Seventh IEEE International Conference on Data Mining (ICDM 2007) (2007)
Omaha, Nebraska, USA
Oct. 28, 2007 to Oct. 31, 2007
DOI Bookmark: http://doi.ieeecomputersociety.org/10.1109/ICDM.2007.18
Feature selection on multi-label documents for automatic text categorization is an under-explored research area. This paper presents a systematic document transformation framework, whereby the multi-label documents are transformed into single-label documents before applying standard feature selection algorithms, to solve the multi-label feature selection problem. Under this framework, we undertake a comparative study on four intuitive document transformation approaches and propose a novel approach called Entropy-based Label Assignment (ELA), which assigns the labels weights to a multi-label document based on label entropy. Three standard feature selection algorithms are utilized for evaluating the document transformation approaches in order to verify its impact on multi-class text categorization problems.
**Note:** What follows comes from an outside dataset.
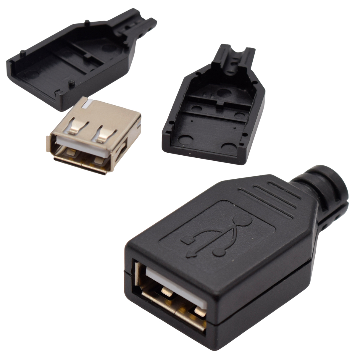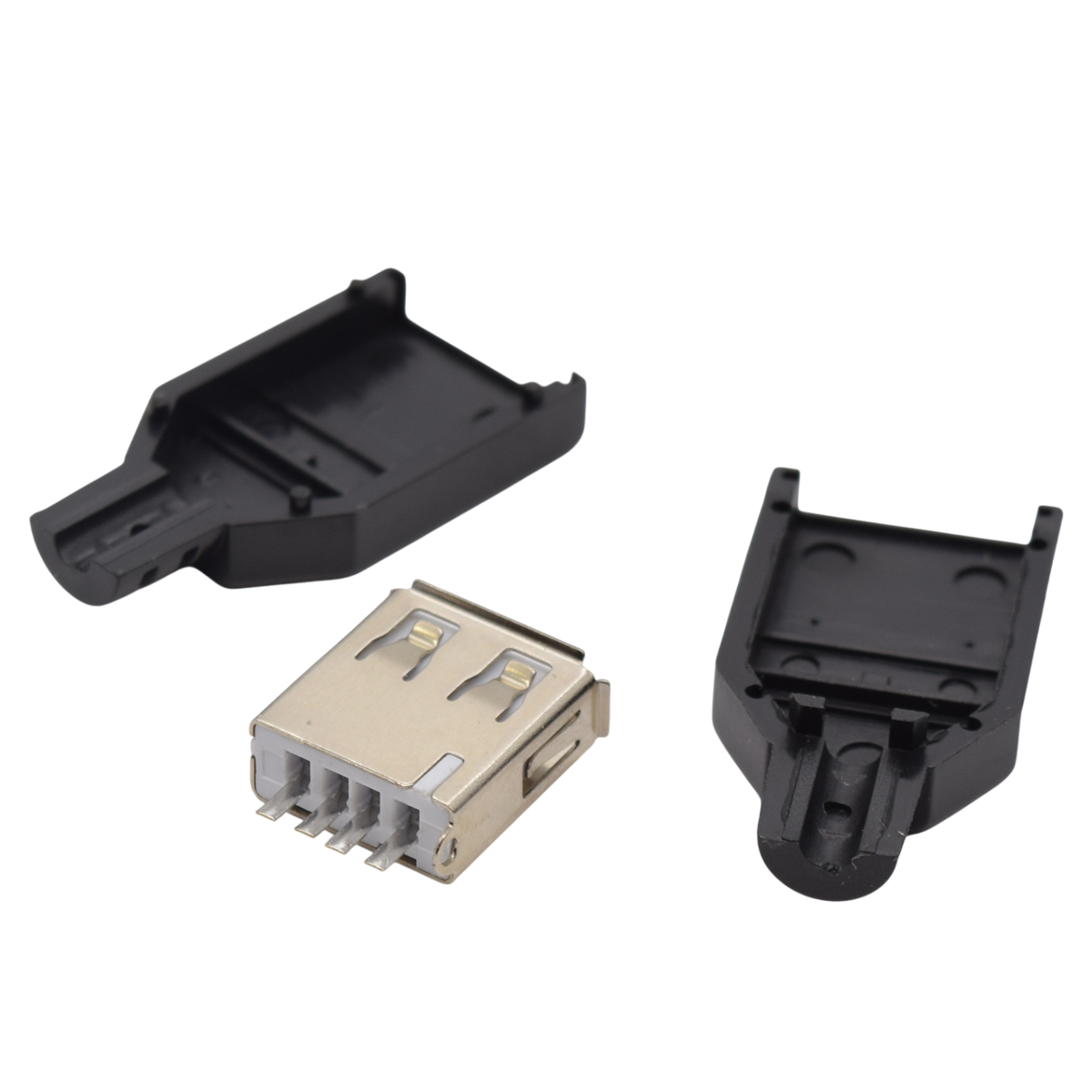 (KIT-CT-USB-A-MH) Conector Usb Tipo A Macho y Hembra Para Armar Cable CON carcasa
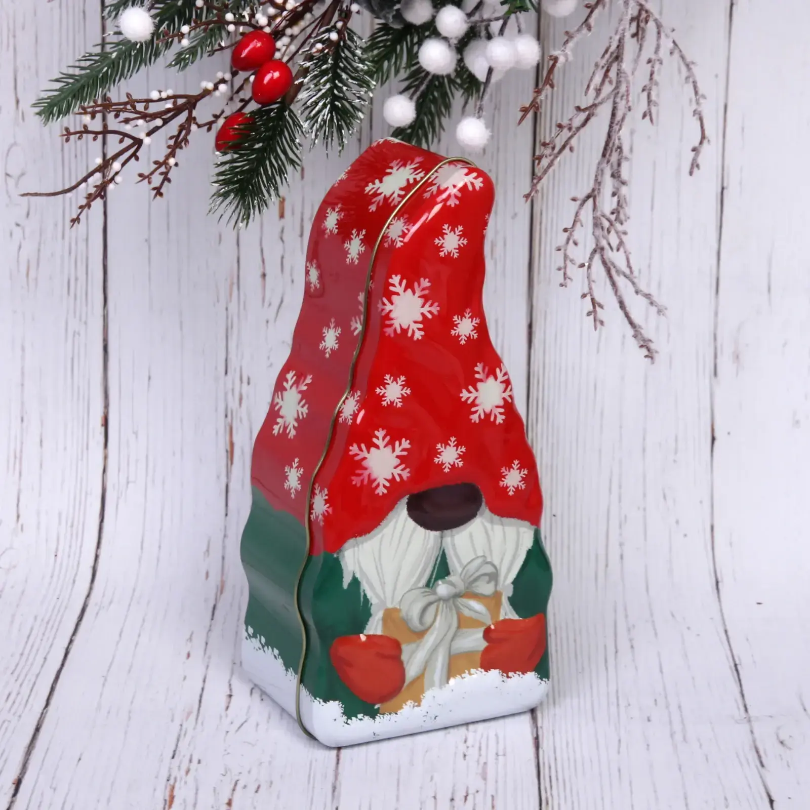 Выбирая банку «Гномик с подарком», вы получаете не только красивую упаковку, но и практичное решение для хранения сладостей. Жестяной материал обеспечивает надежность и долговечность, а яркий дизайн с красной шляпой и белыми снежинками создаёт праздничное настроение. Это отличный способ выразить внимание и заботу к вашим близким.

Using a SVM classifier and two multi-label evaluation benchmark text collections, we show that the choice of document transformation approaches can significantly influence the performance of multi-class categorization and that our proposed document transformation approach ELA can achieve better performance than all other approaches.
W. Chen, Z. Chen, Q. Yang, B. Zhang and J. Yan, "Document Transformation for Multi-label Feature Selection in Text Categorization," Seventh IEEE International Conference on Data Mining (ICDM 2007)(ICDM), Omaha, Nebraska, USA, 2007, pp. 451-456.